Politics is the process of shaping human coexistence. In democracies, we are used to the idea that the responsibility for this lies with political parties. While a political system provides a legal framework for private and public affairs, citizens are nonetheless required to contribute to making coexistence and communal life possible. It is certainly important to ask to which degree we must responsibly play our roles as members of a political community. If democracy presupposes a political culture, we need to understand what such a political culture is and how we can keep it alive.
We feel entitled to distinguish between being lonely and being alone. Not everyone who is lonely is alone. And not everyone who is alone will feel lonely. From such a perspective, being alone is nothing bad, whereas being lonely appears to be depressing. From a societal point of view, though, being alone also appears to be depressing, given that societal life means being together with others. However, are we really to leave our understanding of being alone to such a societal perspective? And should we not cultivate being together with others as well as being alone?
This squirrel has achieved everything it has dreamt of. It can even sit without a chair when it wants to enjoy the view. Obviously, this squirrel has managed to lead a quite successful life. Bildung (i.e. humanistic formation, cultivation, and development) and career, though, did not play a role here. We humans do not have it as easy as the squirrel.

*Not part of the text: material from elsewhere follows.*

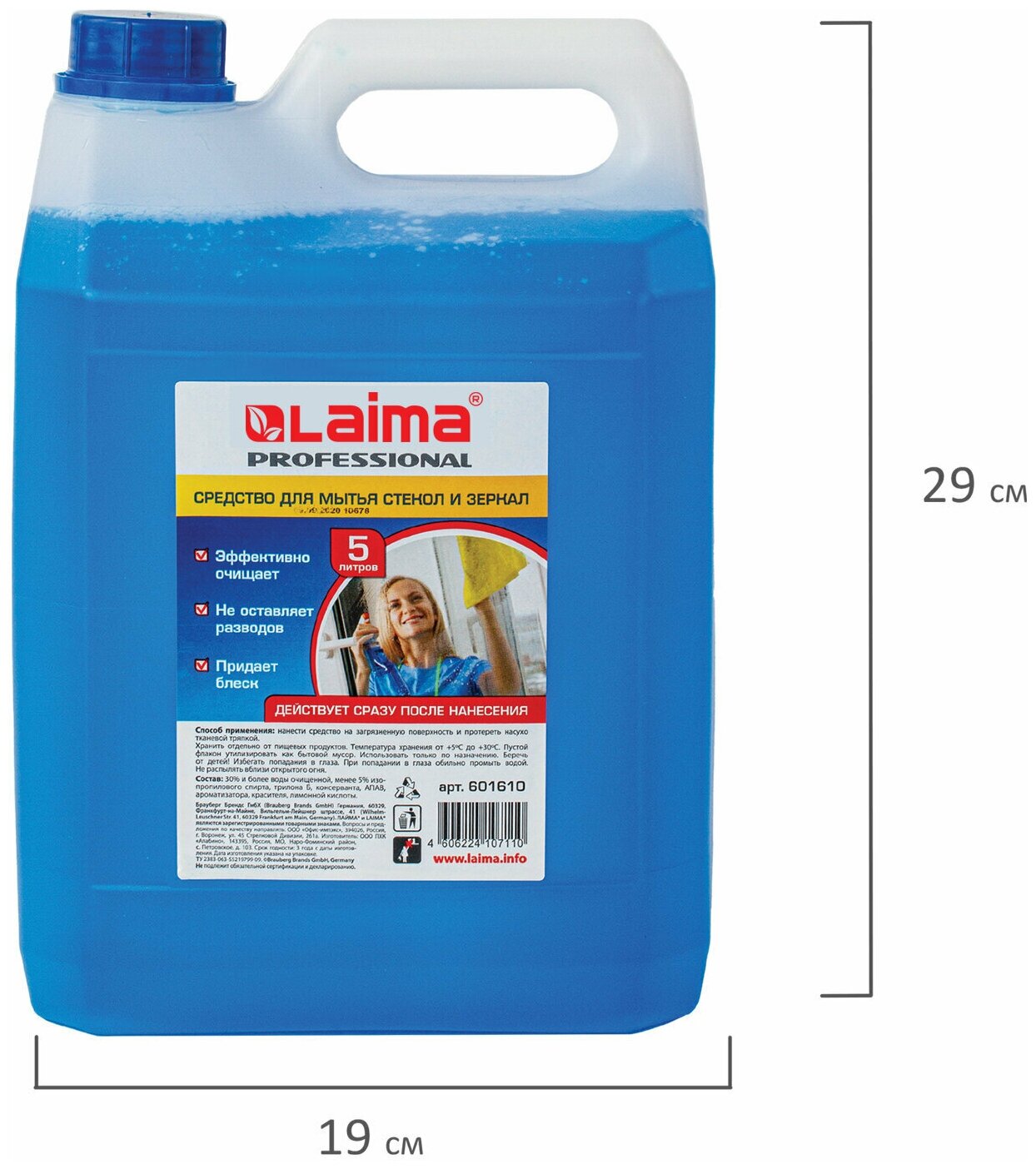 Средство для мытья стекол и зеркал 5 л, LAIMA PROFESSIONAL, 601610

What, for example, is Bildung when faced with a working life that requires us to specialize? And what are education and professional training, if one’s profession cannot be one’s calling in each and every case? Moreover, in the digital age we need to understand and master a new job market.

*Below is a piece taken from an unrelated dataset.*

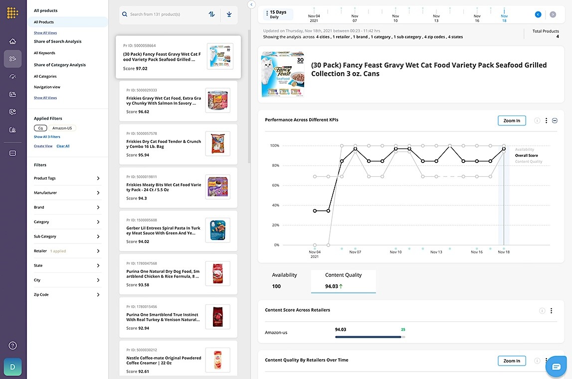 DataWeave specializes in AI-powered insights that aim to connect pricing to digital shelf performance. It enables teams to monitor things like content quality and stock status across hundreds of digital touchpoints, including mobile apps and marketplaces.

The question of who we are is a basic question of human life. We can broadly ask this question with regard to mankind, even though identity is also the identity of individuals: who or what am I? Once we understand identity from this point of view, we can debate the connection between identity and responsibility: in which sense do we need to have an identity in order to be capable of being responsible and acting responsibly? And is it not also true that we are responsible for our identity? Indeed, we should not presuppose that identity is always a given. It is at least worth reflecting on identity as something we are responsible for.